Payments made to relative of the director and related party transaction

As per AS-18 and ASI 21 issued in this regard, non-executive directors are not treated as key managerial personnel and as such any transaction with them or with their relative shall not be treated as related party transaction. Therefore, as such, payment made to relative  of any  non-executive director may not be treated as related party transaction as per AS-18. However, the payments made to the relative of non-executive director may be regarded as related party transaction, only when it can be demonstrated that the non-executive director of the company exercises significant influence or control over the activities of reporting enterprise.

Even though disclosure requirement as laid out in the AS-18 is not to be followed as the director is non-executive, however, such transaction will continue to be related party transaction in terms of Companies Act, 2013 as well as Companies Act, 1956 and as such disclosure requirement as set out in the respective sections of the Act’s are to be followed. Further, sub-section 3A of Section 211 of the Companies Act, 1956 provides that, every profit and loss account and balance sheet of company shall comply with accounting standards. Therefore, to ensure greater transparency, the disclosure requirement as set out in the AS-18 may be followed.

Implications of continuity of contracts under new provisions of the Companies Act, 2013

As per Section 188 of the Companies Act, 2013, contract with related party in respect to appointment of the related party to any office or place of profit in the company requires prior approval of the Board by way resolution passed at the Board meeting. Such provision was not provided in the Section 297 of the erstwhile Companies Act, 1956. Where relative  of the non-executive director is appointed at place of profit in the company even before such director was appointed as the director in the company, for which no approval from Board or passing of any resolution was required at the time of appointment. Therefore, it could be considered as a proper compliance if the Board of directors in the Board meeting held after such director become director in the company ratifies the contract with the relative party by passing resolution at Board meeting. However, for subsequent renewal of the contract with the relative of the director will require prior consent of the Board.

However, if such transaction with the relative is on arm’s length basis i.e the fees given for its services are not excessive and is reasonable as per the general practice in the industry, in such case, nothing provided in sub-section 1 of Section 188 of the Companies Act, 2013 shall apply i.e Board consent shall not be required for such contracts.

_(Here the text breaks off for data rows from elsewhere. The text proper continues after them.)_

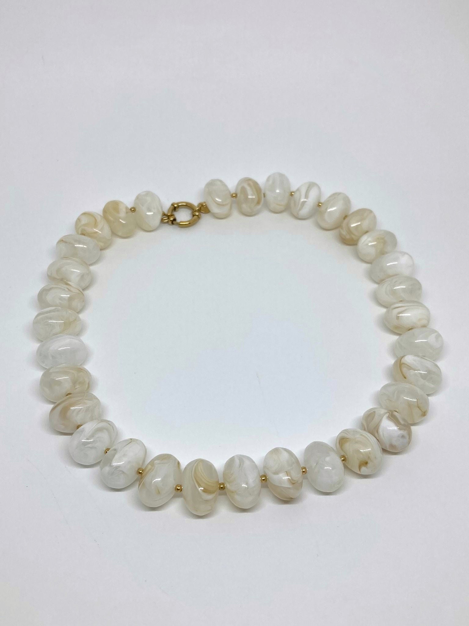 Les perles ont toutes un effet nacré marbré, ce qui donne un collier lumineux, facile à porter aussi bien avec un look habillé que sur un simple tee-shirt basique.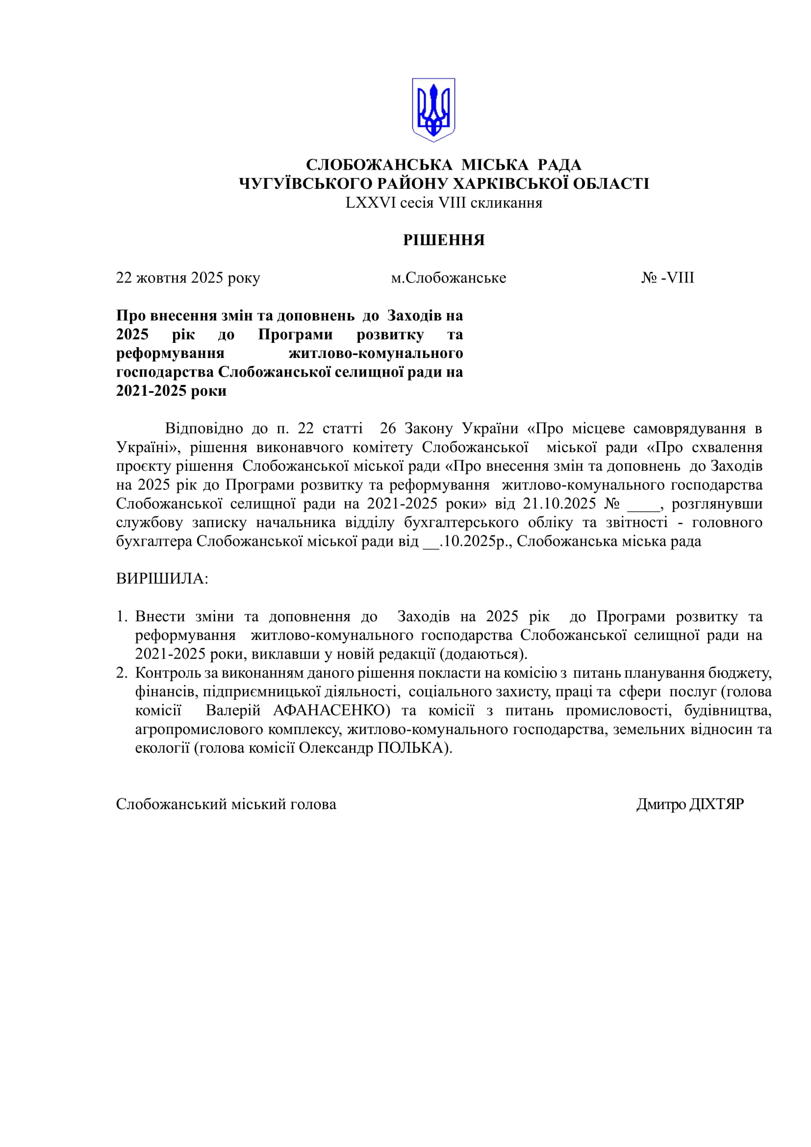 Текст проекту рішення сесії №040 Про внесення змін та доповнень до Заходів на 2025 рік до Програми розвитку та реформування житлово-комунального господарства Слобожанської селищної ради на 2021-2025 роки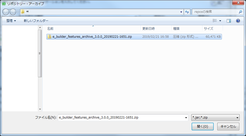 • 「ファイル選択」画面が表示されますので、対象のアーカイブファイルを選択します。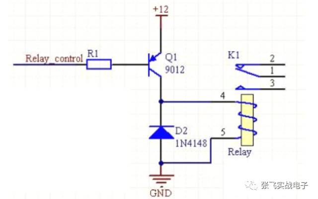 上图是继电器驱动常见电路,这里使用的是NPN三极管,高电平控制。为保证没有控制信号时,三极管处于截止状态,继电器不工作,这里加了一个10K的下拉电阻。为了限制基极的输入电流,这里使用了4.3K的限流电阻,保证在单片机控制下,最大输入电流Ib=(5-0.6)/4.3K=1mA。 同时,我们再次强调,在继电器端必须并联一个续流二极管,否则开关继电器的同时可能会损坏三极管,这一点我们在讲述二极管时已经说明。

The company is required to report all such contracts/ transactions entered with the related parties in its Board report with the proper justification for entering into such contracts. The company is also required to maintain the registers under section 189 of the Companies Act, 2013 having all the particulars of the contracts or arrangements entered into by the company in which directors or key managerial personnel of the company are interested. The related parties transactions are also require to reported in the “notes to accounts” which are integral part of the financial statements of an entity. 

Since section 188 of the Companies Act, 2013 is not applicable as of now, and till the time the said section gets notified, Sections 297 and 314 of the erstwhile Companies Act, 1956 shall apply. Therefore, it would be proper compliance if the consent of Board is taken for renewing the contract with the related party in the Board meeting by way of passing resolution and after then the company passes special resolution in the general meeting held after the date the relative holds the office or place of profit and renewed the contracts with the related party, even though as per sub-section 1A of Section 314 of the Companies Act, 1956, the said contract does not require approval of shareholders in general meeting.

Further, instead of general punishment, specific punishment has now been provided in Section 188 of the Companies Act, 2013 in case of contravention of provisions related to related party transaction. In case of default, any Director or other employee of a company, who has authorized the contract or arrangement in violation of the provisions of the section be punishable with imprisonment for a term which may extend to 1 year or with fine which shall not be less than Rs. 25000/- but which may extend to Rs. 5,00,000/- or with both.